**Records shown**
┄┄┄┄┄┄
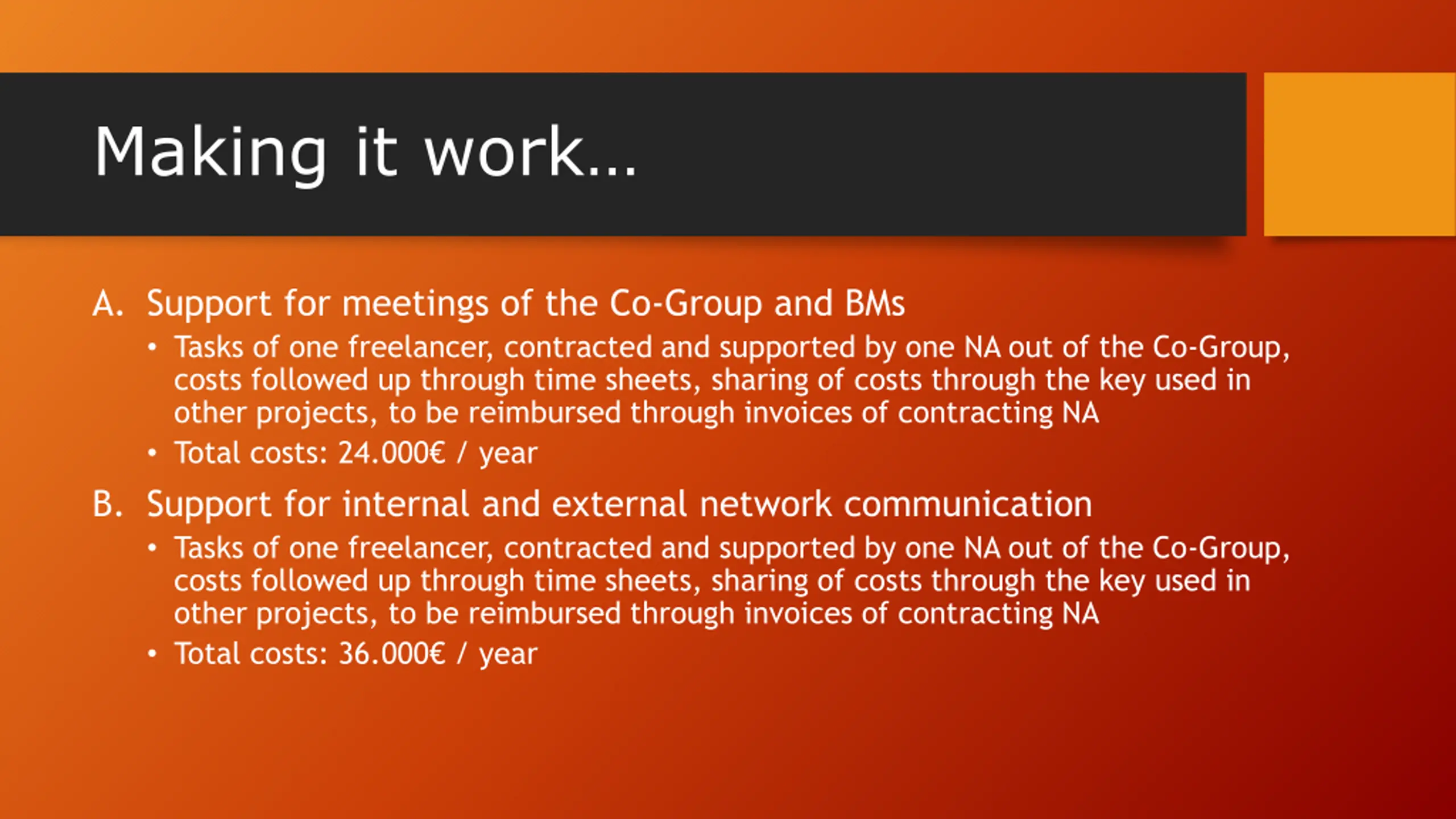 Making it work A. Support for meetings of the Co-Group and BMs Tasks of one freelancer, contracted and supported by one NA out of the Co-Group, costs followed up through time sheets, sharing of costs through the key used in other projects, to be reimbursed through invoices of contracting NA Total costs: 24.000 / year B. Support for internal and external network communication Tasks of one freelancer, contracted and supported by one NA out of the Co-Group, costs followed up through time sheets, sharing of costs through the key used in other projects, to be reimbursed through invoices of contracting NA Total costs: 36.000 / year
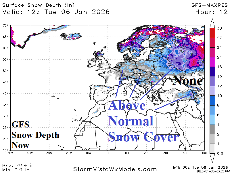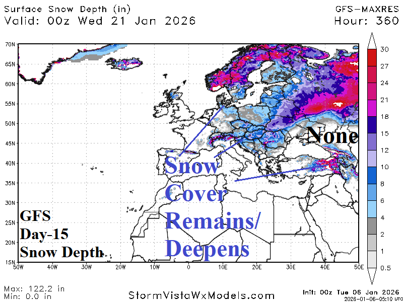 Discussion: Very cold weather is developing across France and Northwest Eurasia to begin the New Year (Fig. 1). The GFS 1-7-day forecast indicates expansive cold to very cold weather enhanced by widespread above normal snow cover (Fig. 2). Both GFS and ECM agree that arctic air becomes involved in the 8-14-day period adhering to East Europe and West Russia (Fig. 3). Snow cover is above normal as indicated by GFS for midday today (Fig. 4) and increases/deepens over the next 2 weeks (Fig. 5). A strip of stratospheric warming across Southern Eurasia inspires the frigid weather pattern enhanced by the deep snow cover. Probability is HIGH that 0F reaches Eastern Europe in the 6-10-day period. Very cold 10’s extends across Southwest Russia where ground is bare throughout the cold event raising crop concerns.
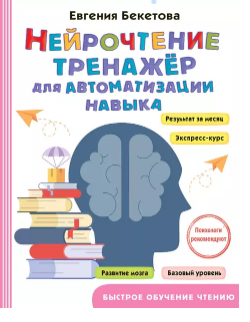 автор — Евгения Бекетова, изд. АСТ, серия — Быстрое обучение чтению, 256 стр. Читать не только интересно, но и полезно! Этот навык улучшает работу мозга, повышает уровень интеллекта. В книге представлена авторская методика нейрочтения Евгении Бекетовой — педагога, психолога и опытного брейн-тренера. Система увлекательных упражнений позволит всего за месяц значительно увеличить скорость восприятия информации, улучшить понимание прочитанного, а также прокачать память и внимание. Для тех, кто не хочет останавливаться на достигнутом, предусмотрен еще месяц занятий на более сложном уровне. Бонусные задания доступны по QR-коду. Это не просто книга, а ваш личный брейн-тренер!
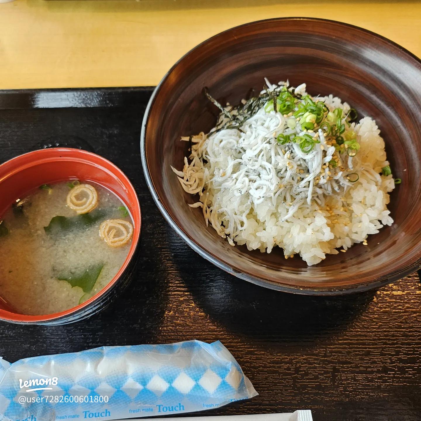 4️⃣ なんでこんな名前にしたんや的な食堂へ。 名物のしらす丼は凄いボリューム!でも本当の目的はしらす丼ではなく、わさびスープなのであった。しらす は加太で獲れたものではないらしいが、スープの出汁になっている鯛は、この加太で獲れたものなのである!葉ワサビを。
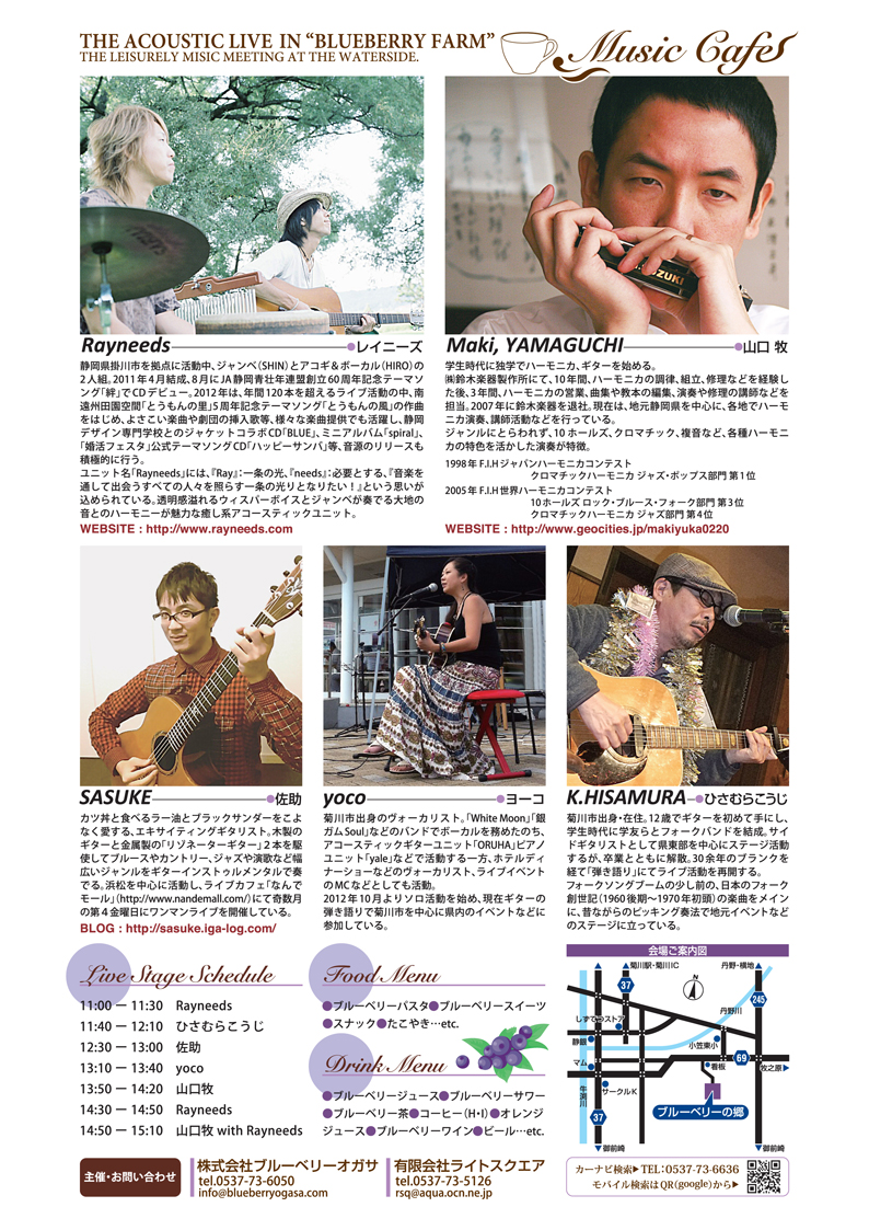 ライブのお知らせである。菊川市にある観光農園「ブルーベリーの郷」において、来る5月3日(祝)午前11時〜午後3時30分、私を除き錚々たるメンバーでのライブが開催される。主催は株式会社ブルーベリーオガサさんと弊社による共催。ごまんさ池のほとりの緑ゆたかな自然にいだかれて、ブルーベリーの美味を食しつつ休日のひとときを音楽とともに楽しもう…という主旨で、タイトルは"Music Cafe"。のんびりとくつろげる、そんなライブにしたいと思っている。佐助くんのソロギターによる、瀟洒なインストルメンタルサウンド。個人的には、ふだん耳にすることが少ないリゾネーターによるスライドギターがお薦め。山口牧先生のハモニカも聴きごたえタップリ。さまざまなハモニカを駆使して、聴く者を魅了してくれる。出演者の中で紅一点。yocoこと事務所の姐さんは、これまでバンドやユニットのヴォーカリストとしてその美声を披露してきたが、今回はアコギを抱えて弾き語りでステージを彩ってくれる。そして今回のメインゲストは、な、な、なんと、あのRayneeds。ギター&ヴォーカルのHIROくん。ジャンベのSHINくん。二人が醸し出す美しいサウンドは、ブルーベリー農園のロケーションにジャストフィット間違いなし。貴重なハモニカの牧先生とのコラボステージもあって、これでワンドリンク付き¥1,000は超お得。ぜひぜひ、お越しあれ。ただし駐車場には限りがあるので、できるかぎり乗り合わせにて。よろしく!
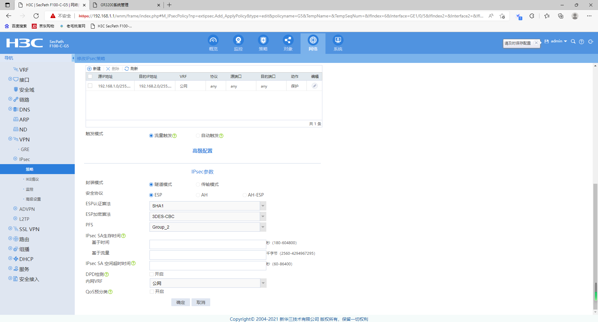 新厂有一台防火墙,老厂有一台GR3200路由器都部署在互联网出口,因业务需要两端内网需要通过VPN相互访问。
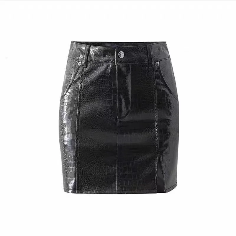 Crafted from high-quality leather, this skirt not only features a stunning crocodile texture but also offers a sexy slit for added allure. The high-waisted design accentuates your curves, making it a versatile piece for any occasion.
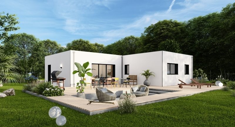 Ce plain pied moderne à toit plat, très bien pensé, sasn perte d'espace, dispose d'une pièce de vie avec cuisine ouverte comprenant une belle et grande baie vitrée 3 vantaux pour un apport de luminosité maximum et un mi,imum de consommation énergétique. La partire nuit quant à elle, bien distincte de la partie vie, se compose de 4 chambres, 2 salles de bain et un WC indépendant.
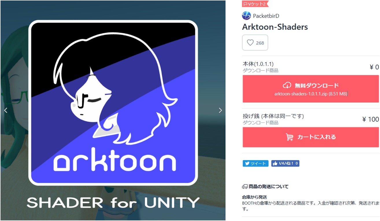 ますは今回の主役の”Arktoon-Shaders v1.0.1.1”(synqark様制作)をダウンロードしてきましょう。
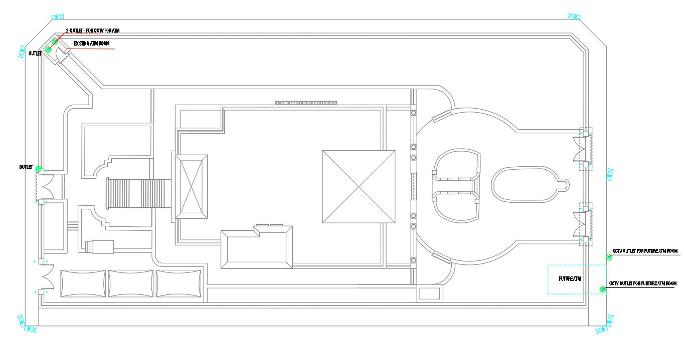 Download free DWG file of office building master plan top view design that shows build-up area and compound boundary wall design with the main entrance way marking detail.
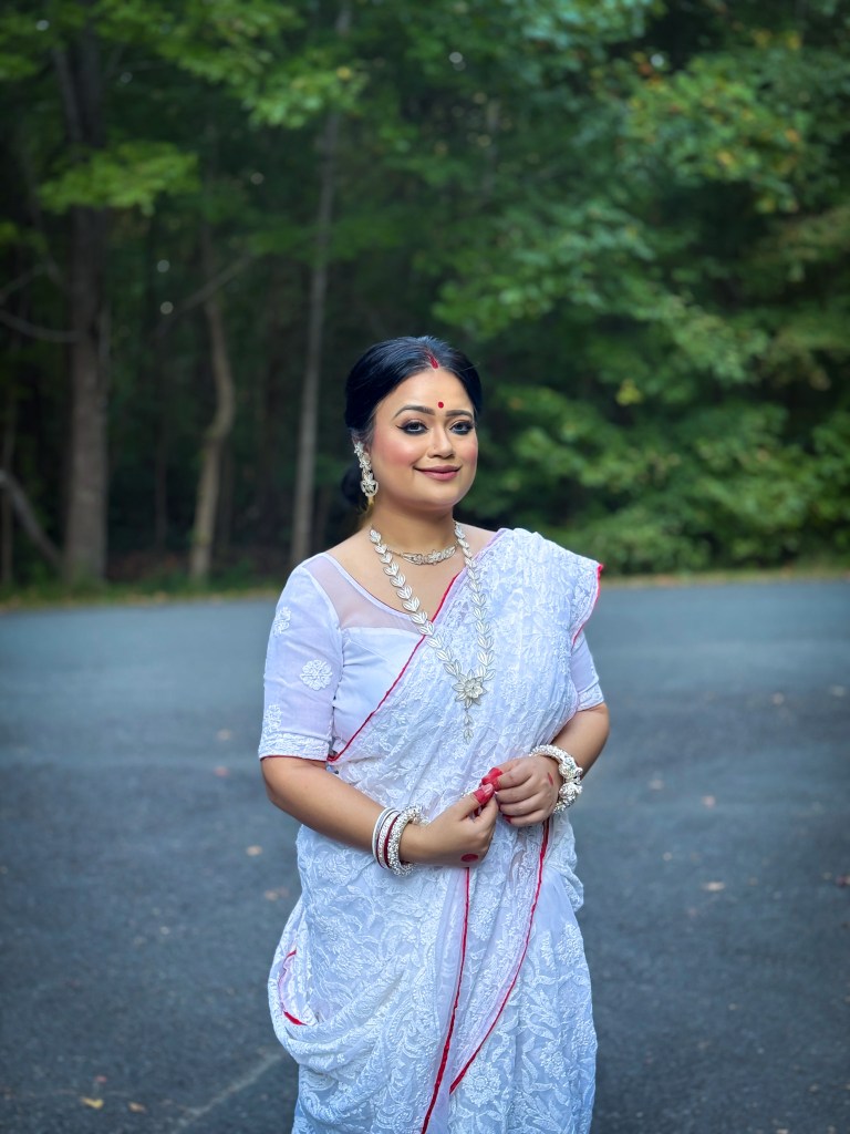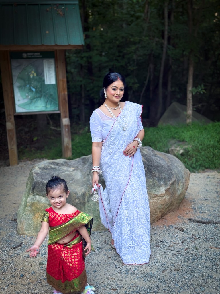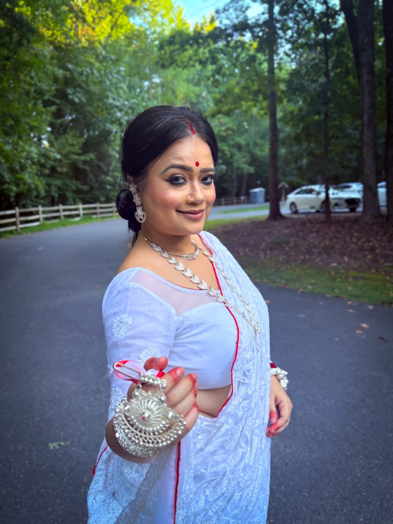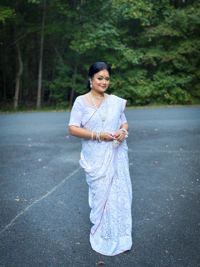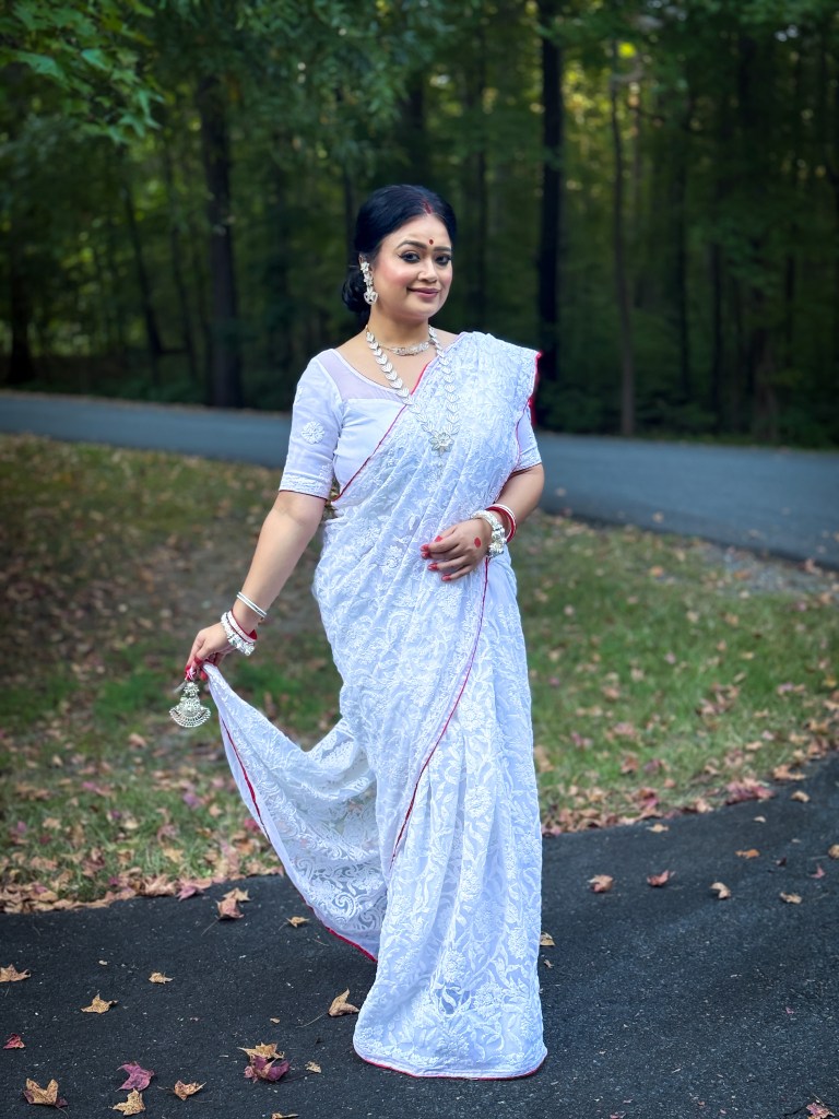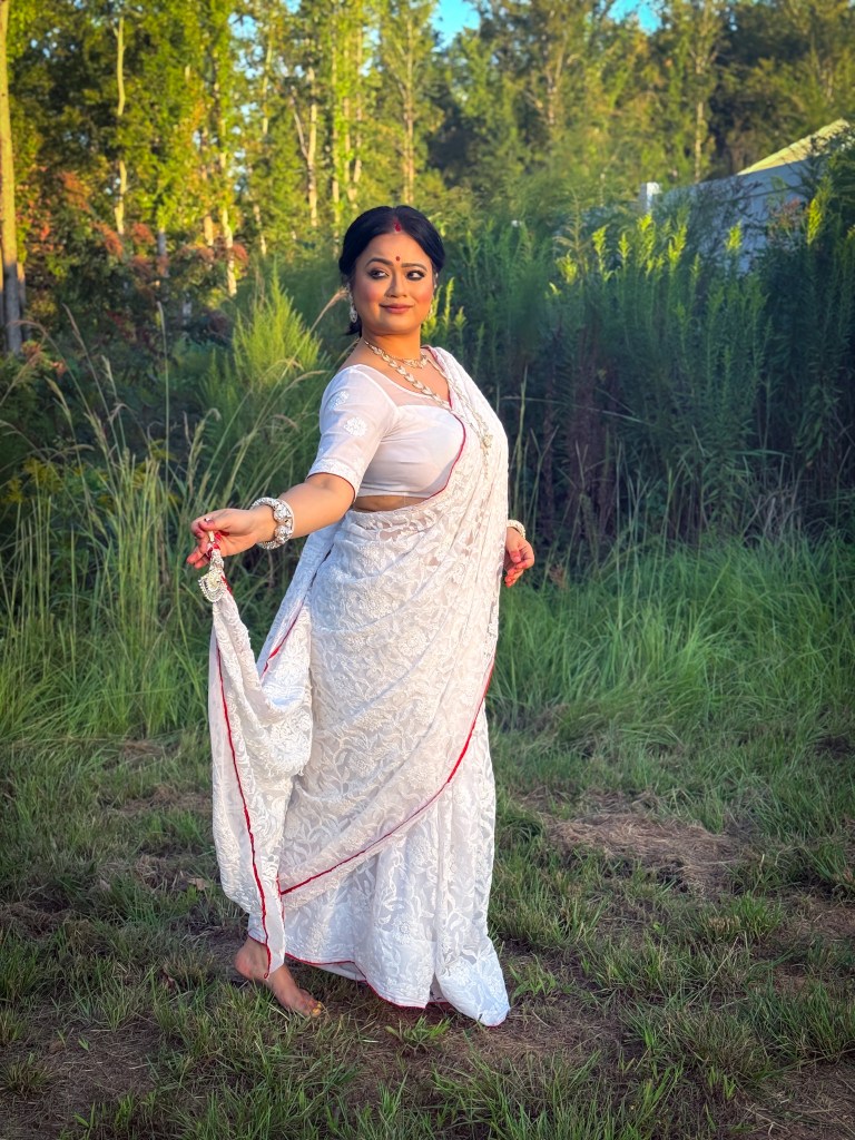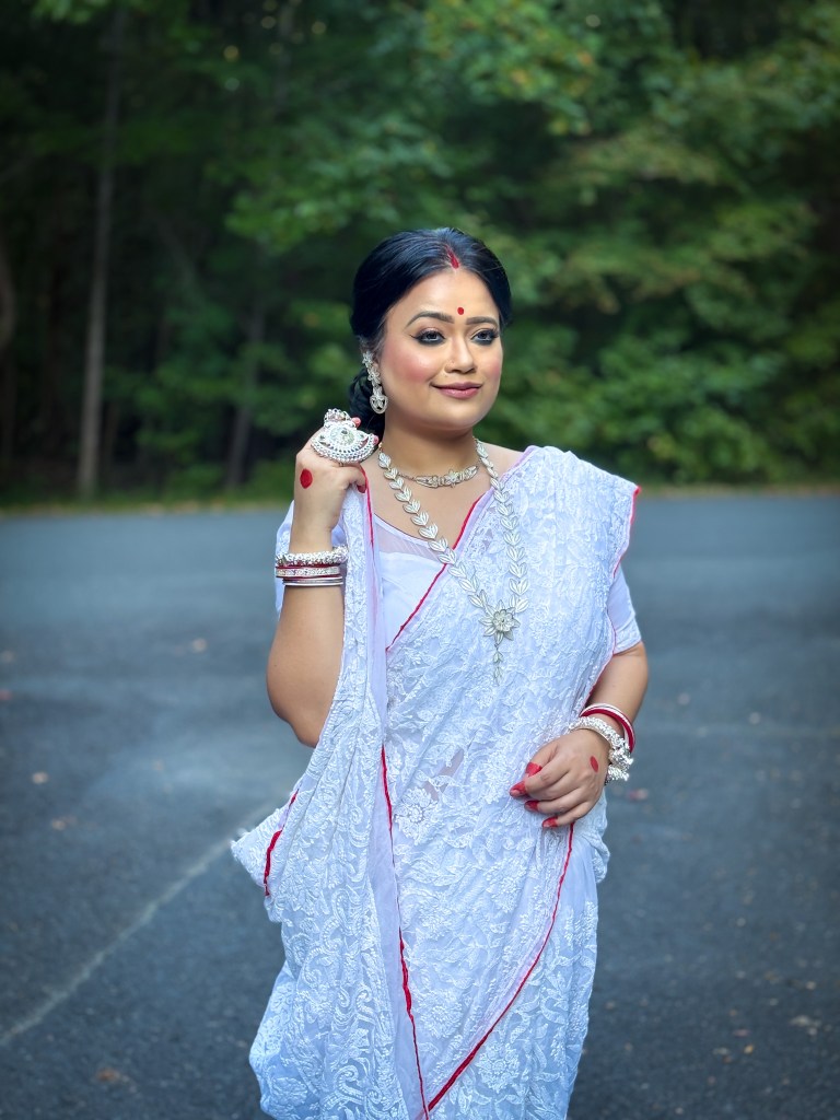 Pujo, the sheer nostalgia. How quickly a year has flown by. So much has happened, and so many things have changed for the better. Some changes I embraced wholeheartedly, while others required battles within myself. Pujo remains an enduring nostalgic feeling for us, a reminder of our past, the good old days. The sound of Dhaak, the fragrance of Parijat, catching up with old friends, late-night pandal hopping, the delectable street food, cleaning up our home, passing through age-old traditions, and celebrating our inner strength—all for Ma Durga’s return to her homeland, as we affectionately call it.
┄┄┄┄┄┄
**Work item**
Retype everything in the material word for word, minus pictures.

**Expected answer**
 Making it work A. Support for meetings of the Co-Group and BMs Tasks of one freelancer, contracted and supported by one NA out of the Co-Group, costs followed up through time sheets, sharing of costs through the key used in other projects, to be reimbursed through invoices of contracting NA Total costs: 24.000 / year B. Support for internal and external network communication Tasks of one freelancer, contracted and supported by one NA out of the Co-Group, costs followed up through time sheets, sharing of costs through the key used in other projects, to be reimbursed through invoices of contracting NA Total costs: 36.000 / year
 Discussion: Very cold weather is developing across France and Northwest Eurasia to begin the New Year (Fig. 1). The GFS 1-7-day forecast indicates expansive cold to very cold weather enhanced by widespread above normal snow cover (Fig. 2). Both GFS and ECM agree that arctic air becomes involved in the 8-14-day period adhering to East Europe and West Russia (Fig. 3). Snow cover is above normal as indicated by GFS for midday today (Fig. 4) and increases/deepens over the next 2 weeks (Fig. 5). A strip of stratospheric warming across Southern Eurasia inspires the frigid weather pattern enhanced by the deep snow cover. Probability is HIGH that 0F reaches Eastern Europe in the 6-10-day period. Very cold 10’s extends across Southwest Russia where ground is bare throughout the cold event raising crop concerns.
 автор — Евгения Бекетова, изд. АСТ, серия — Быстрое обучение чтению, 256 стр. Читать не только интересно, но и полезно! Этот навык улучшает работу мозга, повышает уровень интеллекта. В книге представлена авторская методика нейрочтения Евгении Бекетовой — педагога, психолога и опытного брейн-тренера. Система увлекательных упражнений позволит всего за месяц значительно увеличить скорость восприятия информации, улучшить понимание прочитанного, а также прокачать память и внимание. Для тех, кто не хочет останавливаться на достигнутом, предусмотрен еще месяц занятий на более сложном уровне. Бонусные задания доступны по QR-коду. Это не просто книга, а ваш личный брейн-тренер!
 4️⃣ なんでこんな名前にしたんや的な食堂へ。 名物のしらす丼は凄いボリューム!でも本当の目的はしらす丼ではなく、わさびスープなのであった。しらす は加太で獲れたものではないらしいが、スープの出汁になっている鯛は、この加太で獲れたものなのである!葉ワサビを。
 ライブのお知らせである。菊川市にある観光農園「ブルーベリーの郷」において、来る5月3日(祝)午前11時〜午後3時30分、私を除き錚々たるメンバーでのライブが開催される。主催は株式会社ブルーベリーオガサさんと弊社による共催。ごまんさ池のほとりの緑ゆたかな自然にいだかれて、ブルーベリーの美味を食しつつ休日のひとときを音楽とともに楽しもう…という主旨で、タイトルは"Music Cafe"。のんびりとくつろげる、そんなライブにしたいと思っている。佐助くんのソロギターによる、瀟洒なインストルメンタルサウンド。個人的には、ふだん耳にすることが少ないリゾネーターによるスライドギターがお薦め。山口牧先生のハモニカも聴きごたえタップリ。さまざまなハモニカを駆使して、聴く者を魅了してくれる。出演者の中で紅一点。yocoこと事務所の姐さんは、これまでバンドやユニットのヴォーカリストとしてその美声を披露してきたが、今回はアコギを抱えて弾き語りでステージを彩ってくれる。そして今回のメインゲストは、な、な、なんと、あのRayneeds。ギター&ヴォーカルのHIROくん。ジャンベのSHINくん。二人が醸し出す美しいサウンドは、ブルーベリー農園のロケーションにジャストフィット間違いなし。貴重なハモニカの牧先生とのコラボステージもあって、これでワンドリンク付き¥1,000は超お得。ぜひぜひ、お越しあれ。ただし駐車場には限りがあるので、できるかぎり乗り合わせにて。よろしく!
 新厂有一台防火墙,老厂有一台GR3200路由器都部署在互联网出口,因业务需要两端内网需要通过VPN相互访问。
 Crafted from high-quality leather, this skirt not only features a stunning crocodile texture but also offers a sexy slit for added allure. The high-waisted design accentuates your curves, making it a versatile piece for any occasion.
 Ce plain pied moderne à toit plat, très bien pensé, sasn perte d'espace, dispose d'une pièce de vie avec cuisine ouverte comprenant une belle et grande baie vitrée 3 vantaux pour un apport de luminosité maximum et un mi,imum de consommation énergétique. La partire nuit quant à elle, bien distincte de la partie vie, se compose de 4 chambres, 2 salles de bain et un WC indépendant.
 ますは今回の主役の”Arktoon-Shaders v1.0.1.1”(synqark様制作)をダウンロードしてきましょう。
 Download free DWG file of office building master plan top view design that shows build-up area and compound boundary wall design with the main entrance way marking detail.
 Pujo, the sheer nostalgia. How quickly a year has flown by. So much has happened, and so many things have changed for the better. Some changes I embraced wholeheartedly, while others required battles within myself. Pujo remains an enduring nostalgic feeling for us, a reminder of our past, the good old days. The sound of Dhaak, the fragrance of Parijat, catching up with old friends, late-night pandal hopping, the delectable street food, cleaning up our home, passing through age-old traditions, and celebrating our inner strength—all for Ma Durga’s return to her homeland, as we affectionately call it.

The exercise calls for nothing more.